From Spain to Portugal

By |Published On: May 17, 2025|Categories: Europe, Portugal, Spain|352 words|0 Comments|

The next morning we were underway by 0700. With a brisk dawn breeze coming down from Vigo we were able to quickly make our way out of the Ría, under the Islas Cíes and their high peaks and out into the open ocean.

Morning light on the Islas Cíes.

Here, where a welcoming blue sea awaited us, the wind promptly died, along with the shades of the early morning light, and it became necessary to crank up the iron genoa in order to make way south. Over the course of the morning the engine went on and off and the sails in and out along with the vagaries of the breeze that blew down off the range that ran along the coastline. Eventually, however, the breeze filled in and stayed with us and we were able to leave the sails out.

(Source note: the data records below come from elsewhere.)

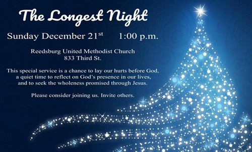Holidays can be hard. We often think about all the joy, but many are struggling. If you happen to be one who is struggling, join us for The Longest Night (December 21st at 1:00 p.m.) for a service of honoring that hurt and looking towards hope.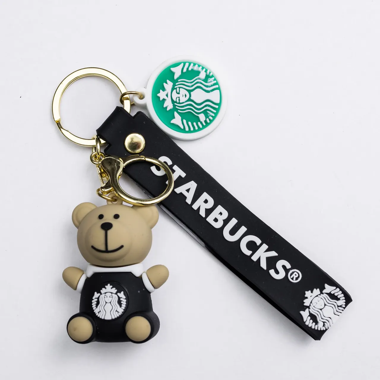 Дитячий брелок Ведмедик Старбакс виготовлений із м'якого силікону, що робить його приємним на дотик і безпечним у використанні для дітей та підлітків. Завдяки якісній металевій фурнітурі аксесуар надійно кріпиться на ключах, сумці чи рюкзаку, забезпечуючи зручність і довговічність при щоденному використанні.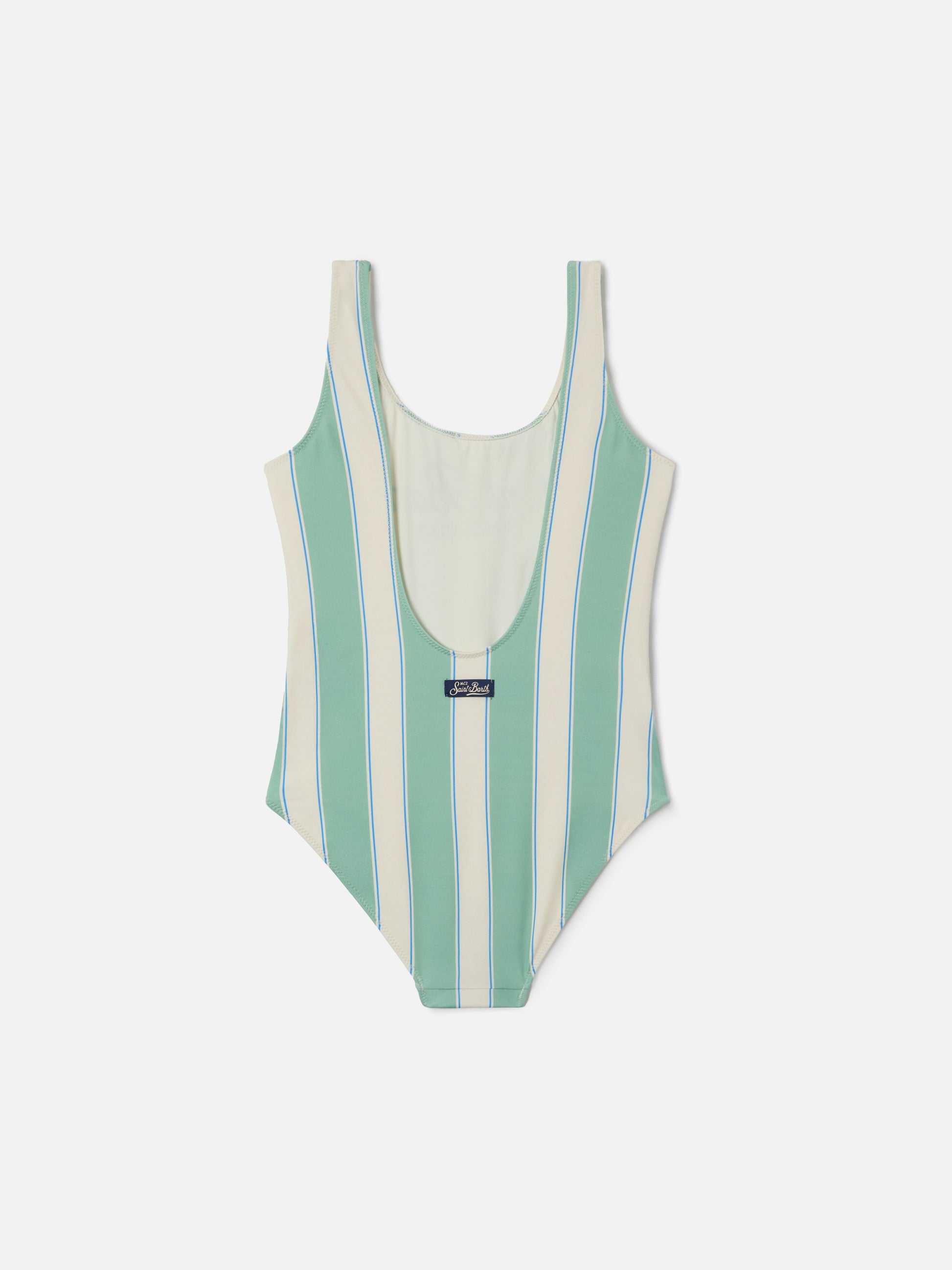 The Cara one-piece swimsuit is crafted in stretch fabric and features vertical green and white stripes with a summery look. The design includes a round neckline and wide straps for a stable and comfortable fit. The central Saint Barth Beach Club print adds a distinctive touch. Fully lined and perfect for beach and pool wear.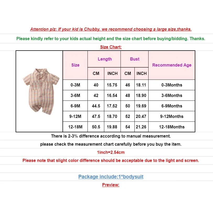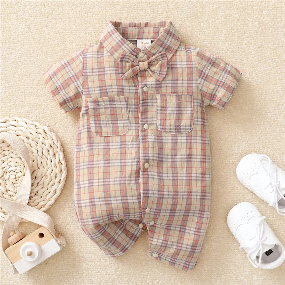 Comprar Body de caballero para bebé, pelele a cuadros de manga corta con cuello vuelto, mono de moda de verano, ropa de fiesta para 0-18 M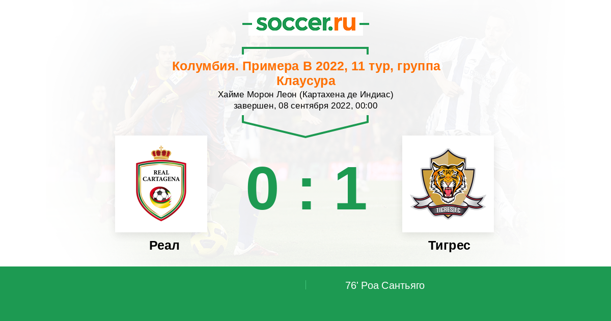 Колумбия. Примера B 11.09.2016 Реал Логотип футбольный клуб Реал (Картахена) 2:1 Логотип футбольный клуб Тигрес (Сипакира) Тигрес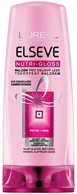 Šampon Elseve Nutri-Gloss okamžitě vyživuje vlasové vlákno. Vlasové šupinky se sjednocují. Vyhlazené vlasové vlákno přitahuje a lépe odráží světlo. Balzám Elseve Nutri-Gloss usnadňuje rozčesání Vašich vlasů, aniž by je zatížil. Vaše vlasy jsou jako znovuzrozené!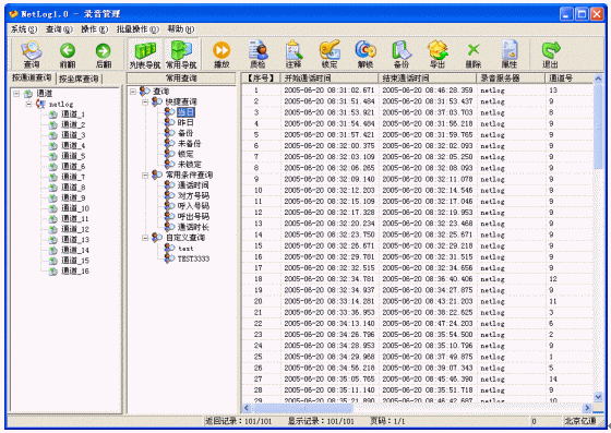 主要是對錄音進行管理,分為錄音查詢和錄音操作兩大部分。錄音查詢除了提供常規(guī)的按條件組合查詢外,還提供了人性化的常用查詢,系統(tǒng)已經內置了很多常用查詢,例如:當日查詢,您只要直接選擇當日查詢,就可以馬上開始查詢當日的所有錄音,減少您每次輸入查詢條件的工作量,并且還可以靈活的自定義常用查詢,充分滿足您的查詢要求。錄音操作提供了方便快捷的操作方式。批量數(shù)據的處理能力可以讓用戶以最快的速度從煩瑣的工作中解脫出來。詳細的記錄信息可以滿足所有用戶的要求,特定信息的加入可以滿足特殊行業(yè)的使用,如呼叫中心行業(yè)、服務臺、傳呼臺等。

One of the last lighthouses in Spain, before we entered Portugal.

Arriving in Portugal

As the morning progressed the coastal range grew slowly smaller and ever more distant from the coast. Until, by the time we had reached the Portuguese border at the Rio Miño, they had receded well back from the coast and appeared as just hazy outlines on the horizon.

New country, new courtesy flag.

Meanwhile the coast along which we were sailing went from a rocky and steep affair with occasional towns to low dunes interspersed with towns and resorts; with the former becoming ever less common and the latter ever more dominant as we progressed further south towards Porto.

Our first Portuguese city

The city of Porto rose up on us late in the afternoon, first as a massive port and industrial area and then, once we had cleared that, as a series of beachside neighbourhoods.

The very futuristic-looking cruise terminal at Porto Leixões, just to the north of Porto.

Dolphins joined us for a short while as we entered the Rio Douro and made our way towards the harbour at Afurada. Despite the strong current running in the river, the entrance to the harbour and to our berth proved relatively easy. Phew.